Find bereavement help and support from other Mumsnetters. See also your choices after baby loss.

To see dad in chapel of rest?

64 replies

LavenderBee · 18/04/2021 09:24

To do or not? I know of stories where people regret this, but I wonder if it could help? He died 2 weeks ago as his life support was switched off... I was there and it seemed unreal. Still all wired up. I am hoping that he may look more like him, peaceful, but also will that sense that it’s just his shell. Maybe that will help, as I find I just keep shaking my head in disbelief that it happened. I’m struggling. My brother seems to be managing so much better (he was with us at hospital too).
Dad has not yet been embalmed.. so decision may be taken out of my hands.

OP posts:
Workyticket · 18/04/2021 09:26

After 2 weeks I'd be reluctant without embalming.

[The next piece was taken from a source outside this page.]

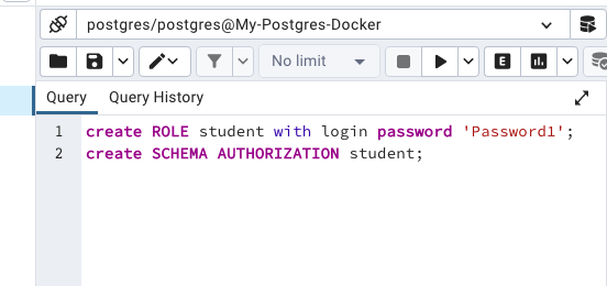 When your (above) connection works, the next step is to create another schema/user in the database. The reason we need to do this is because the user we connected to above (postgres) is an admin user. This user/schema should never be used for database development work.
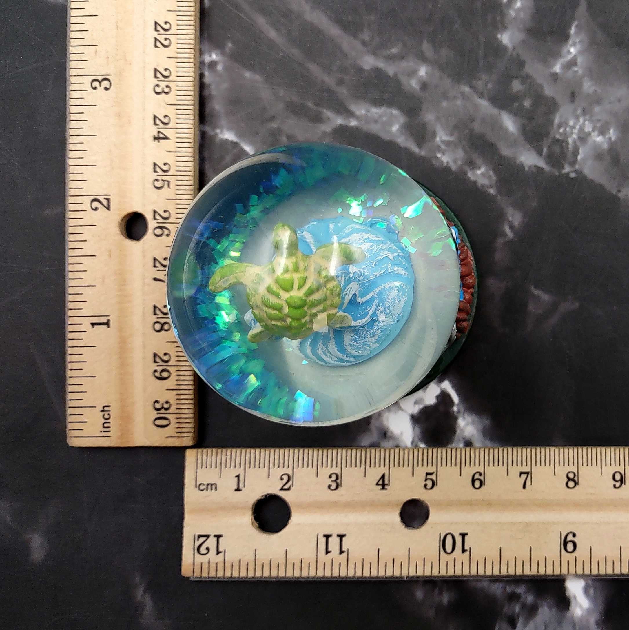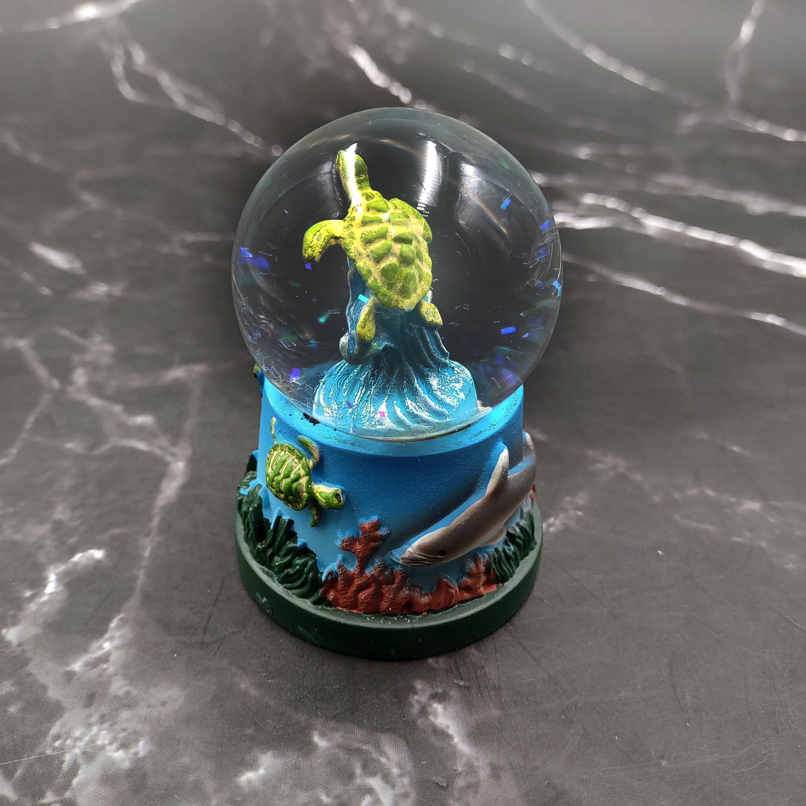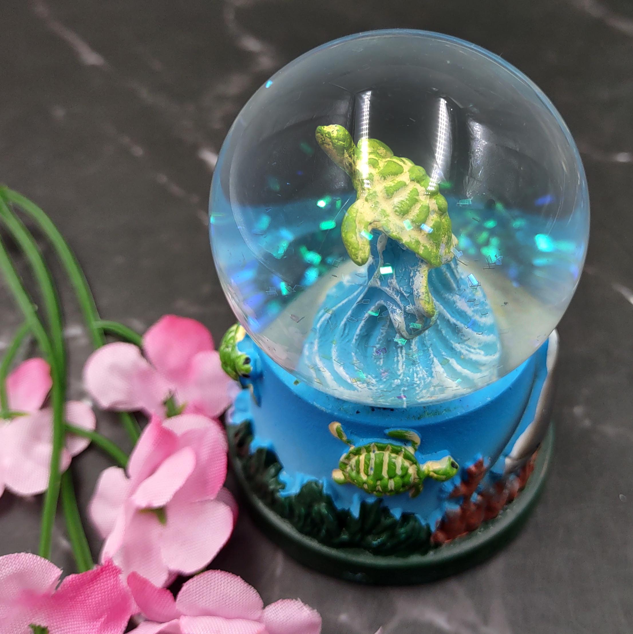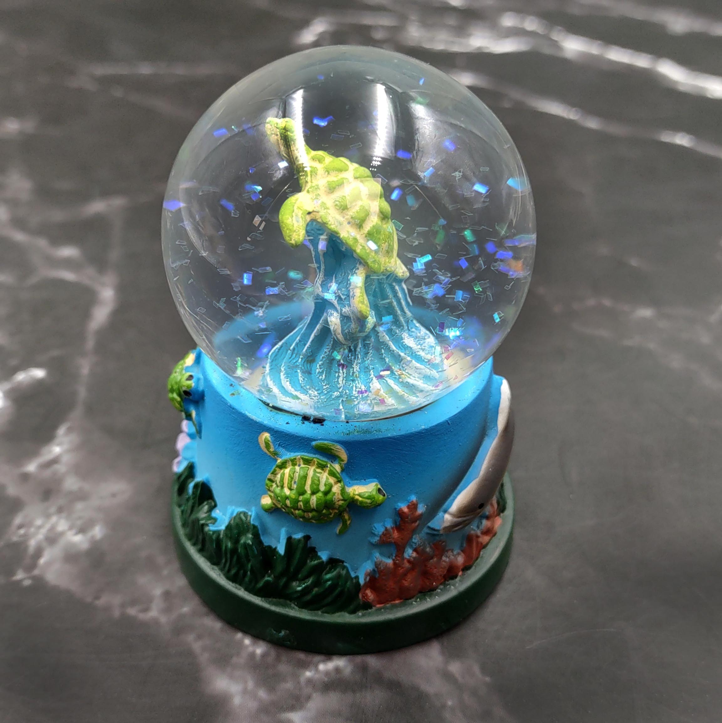 Small Sea Turtle Water Globe with Dolphin and Coral Base (1 globe approx. 2.75 inches tall) Cute Sea Turtle Water Globe for gifts & decor!

ThreeKneeRepeater · 18/04/2021 09:28

I went to see my dad in the chapel of rest. I was in two minds about it but I’m glad I did. It didn’t really look like him tbh, so it was as if he wasn’t there if that makes sense. Just his body which he had finished with.
I wanted to pop some photos and messages from the family in his coffin, and that really helped me. I tucked a pencil in his pocket, as he always had one.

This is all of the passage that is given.